> [Recorded data]
—————

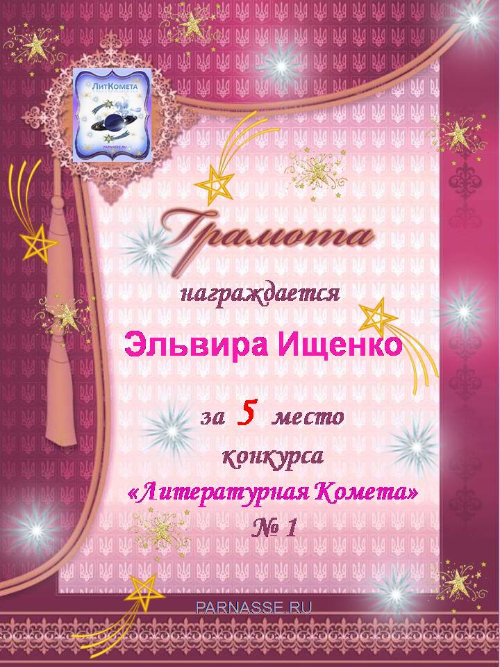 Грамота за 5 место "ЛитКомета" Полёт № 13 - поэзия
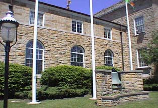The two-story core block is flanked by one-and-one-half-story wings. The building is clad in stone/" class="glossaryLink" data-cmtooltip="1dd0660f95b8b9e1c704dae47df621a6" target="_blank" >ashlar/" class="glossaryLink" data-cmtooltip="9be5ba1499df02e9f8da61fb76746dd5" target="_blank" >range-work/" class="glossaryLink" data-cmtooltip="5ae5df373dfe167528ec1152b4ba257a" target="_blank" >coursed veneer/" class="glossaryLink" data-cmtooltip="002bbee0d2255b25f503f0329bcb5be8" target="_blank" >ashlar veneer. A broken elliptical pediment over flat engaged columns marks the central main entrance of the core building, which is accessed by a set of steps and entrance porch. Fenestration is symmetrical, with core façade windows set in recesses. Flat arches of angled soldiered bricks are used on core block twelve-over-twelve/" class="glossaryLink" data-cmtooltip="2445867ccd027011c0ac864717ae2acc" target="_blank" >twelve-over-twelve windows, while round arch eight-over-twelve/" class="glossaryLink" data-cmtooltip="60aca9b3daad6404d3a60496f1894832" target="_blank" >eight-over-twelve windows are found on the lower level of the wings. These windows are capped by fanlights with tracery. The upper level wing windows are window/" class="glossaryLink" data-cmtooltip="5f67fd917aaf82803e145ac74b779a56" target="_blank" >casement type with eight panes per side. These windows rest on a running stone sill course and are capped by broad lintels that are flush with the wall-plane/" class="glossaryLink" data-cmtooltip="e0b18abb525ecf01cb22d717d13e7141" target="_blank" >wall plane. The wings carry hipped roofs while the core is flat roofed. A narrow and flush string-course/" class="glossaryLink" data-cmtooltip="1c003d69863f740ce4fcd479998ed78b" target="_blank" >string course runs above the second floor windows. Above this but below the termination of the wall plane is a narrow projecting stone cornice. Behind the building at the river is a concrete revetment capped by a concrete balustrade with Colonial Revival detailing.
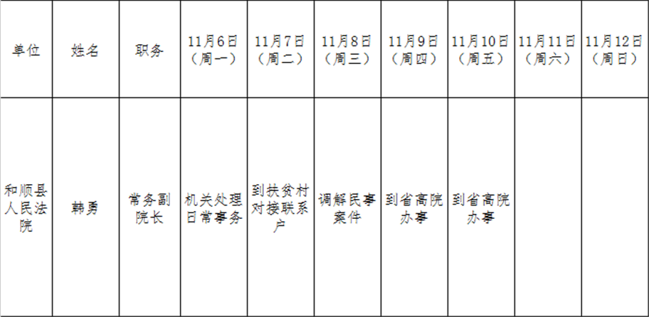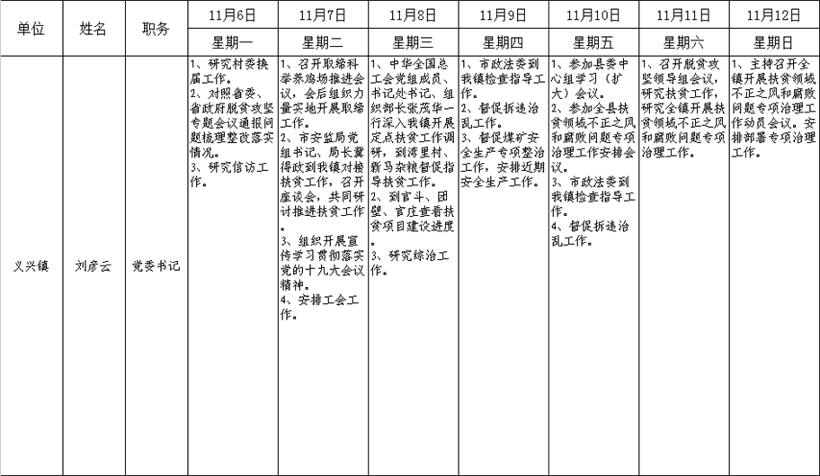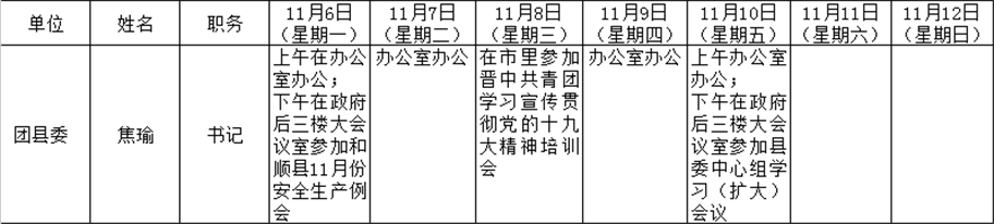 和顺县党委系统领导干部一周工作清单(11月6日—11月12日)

—————

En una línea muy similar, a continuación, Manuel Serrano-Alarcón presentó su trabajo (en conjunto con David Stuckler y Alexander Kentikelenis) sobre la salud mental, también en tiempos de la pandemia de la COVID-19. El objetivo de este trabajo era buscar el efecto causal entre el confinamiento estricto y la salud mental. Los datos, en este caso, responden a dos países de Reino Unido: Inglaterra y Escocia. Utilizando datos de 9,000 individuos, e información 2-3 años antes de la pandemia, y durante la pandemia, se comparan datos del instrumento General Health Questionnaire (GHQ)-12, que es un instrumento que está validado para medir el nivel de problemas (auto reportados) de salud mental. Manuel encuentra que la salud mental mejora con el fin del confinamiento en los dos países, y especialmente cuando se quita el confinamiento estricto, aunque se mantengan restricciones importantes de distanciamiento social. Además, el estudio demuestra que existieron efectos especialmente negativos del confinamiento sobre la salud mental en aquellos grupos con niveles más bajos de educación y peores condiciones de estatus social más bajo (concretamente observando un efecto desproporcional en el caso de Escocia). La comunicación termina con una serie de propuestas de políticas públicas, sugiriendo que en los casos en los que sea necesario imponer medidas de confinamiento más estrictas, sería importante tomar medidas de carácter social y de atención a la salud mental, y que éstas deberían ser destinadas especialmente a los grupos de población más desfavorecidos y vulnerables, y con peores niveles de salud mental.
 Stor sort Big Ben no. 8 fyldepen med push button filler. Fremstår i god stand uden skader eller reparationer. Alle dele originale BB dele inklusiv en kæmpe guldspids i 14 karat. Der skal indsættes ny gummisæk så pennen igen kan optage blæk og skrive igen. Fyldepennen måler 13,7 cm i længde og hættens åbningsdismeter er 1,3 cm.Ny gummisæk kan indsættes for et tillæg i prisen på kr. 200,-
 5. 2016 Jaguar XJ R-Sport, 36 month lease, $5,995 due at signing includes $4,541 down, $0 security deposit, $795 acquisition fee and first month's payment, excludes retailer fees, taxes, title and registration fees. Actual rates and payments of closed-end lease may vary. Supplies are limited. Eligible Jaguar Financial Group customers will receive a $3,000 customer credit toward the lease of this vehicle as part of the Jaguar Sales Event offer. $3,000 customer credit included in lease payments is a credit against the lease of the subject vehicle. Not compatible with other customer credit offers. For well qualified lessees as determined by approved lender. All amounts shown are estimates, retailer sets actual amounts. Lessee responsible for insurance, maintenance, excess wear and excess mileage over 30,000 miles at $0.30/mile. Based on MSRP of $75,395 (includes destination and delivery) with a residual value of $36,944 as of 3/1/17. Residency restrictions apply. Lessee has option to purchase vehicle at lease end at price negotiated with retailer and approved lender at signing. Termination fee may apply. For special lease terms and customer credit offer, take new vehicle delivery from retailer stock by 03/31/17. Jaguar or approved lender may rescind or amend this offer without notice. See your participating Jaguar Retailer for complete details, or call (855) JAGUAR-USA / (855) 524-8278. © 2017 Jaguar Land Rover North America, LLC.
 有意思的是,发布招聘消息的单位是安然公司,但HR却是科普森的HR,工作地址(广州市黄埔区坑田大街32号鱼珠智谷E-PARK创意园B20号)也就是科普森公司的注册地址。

—————

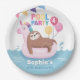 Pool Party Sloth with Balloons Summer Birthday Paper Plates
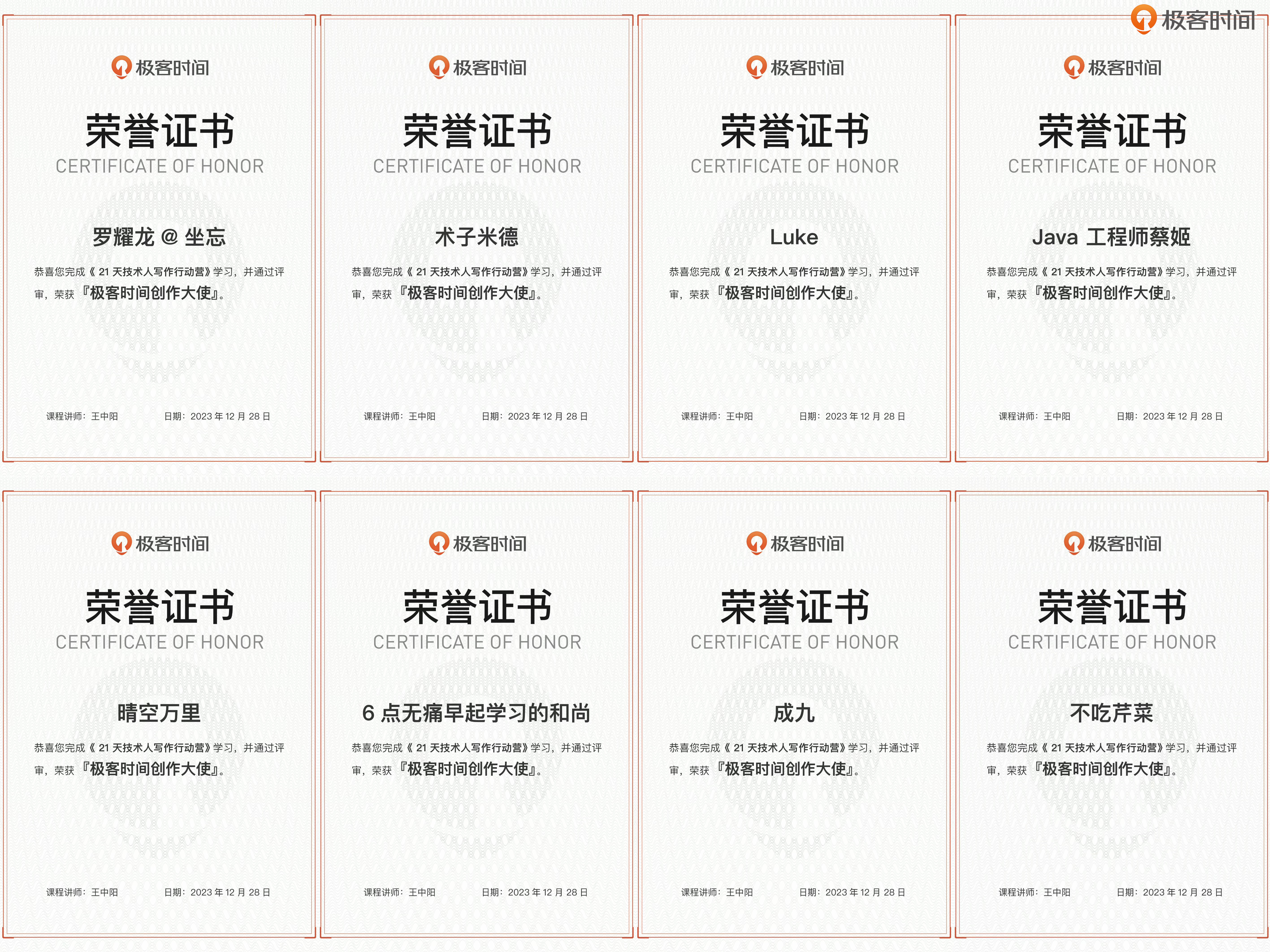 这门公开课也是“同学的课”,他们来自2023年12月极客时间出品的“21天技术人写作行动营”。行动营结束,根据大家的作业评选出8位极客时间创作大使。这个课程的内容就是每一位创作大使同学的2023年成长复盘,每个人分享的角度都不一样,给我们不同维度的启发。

—————

Set the pictures aside and retype exactly the lines above from the line with "The two-story core" to the line with "和顺县党委系统领导干部一周工作清单(11月6日—11月12日)", both included, adding no others.

The two-story core block is flanked by one-and-one-half-story wings. The building is clad in stone/" class="glossaryLink" data-cmtooltip="1dd0660f95b8b9e1c704dae47df621a6" target="_blank" >ashlar/" class="glossaryLink" data-cmtooltip="9be5ba1499df02e9f8da61fb76746dd5" target="_blank" >range-work/" class="glossaryLink" data-cmtooltip="5ae5df373dfe167528ec1152b4ba257a" target="_blank" >coursed veneer/" class="glossaryLink" data-cmtooltip="002bbee0d2255b25f503f0329bcb5be8" target="_blank" >ashlar veneer. A broken elliptical pediment over flat engaged columns marks the central main entrance of the core building, which is accessed by a set of steps and entrance porch. Fenestration is symmetrical, with core façade windows set in recesses. Flat arches of angled soldiered bricks are used on core block twelve-over-twelve/" class="glossaryLink" data-cmtooltip="2445867ccd027011c0ac864717ae2acc" target="_blank" >twelve-over-twelve windows, while round arch eight-over-twelve/" class="glossaryLink" data-cmtooltip="60aca9b3daad6404d3a60496f1894832" target="_blank" >eight-over-twelve windows are found on the lower level of the wings. These windows are capped by fanlights with tracery. The upper level wing windows are window/" class="glossaryLink" data-cmtooltip="5f67fd917aaf82803e145ac74b779a56" target="_blank" >casement type with eight panes per side. These windows rest on a running stone sill course and are capped by broad lintels that are flush with the wall-plane/" class="glossaryLink" data-cmtooltip="e0b18abb525ecf01cb22d717d13e7141" target="_blank" >wall plane. The wings carry hipped roofs while the core is flat roofed. A narrow and flush string-course/" class="glossaryLink" data-cmtooltip="1c003d69863f740ce4fcd479998ed78b" target="_blank" >string course runs above the second floor windows. Above this but below the termination of the wall plane is a narrow projecting stone cornice. Behind the building at the river is a concrete revetment capped by a concrete balustrade with Colonial Revival detailing.
 和顺县党委系统领导干部一周工作清单(11月6日—11月12日)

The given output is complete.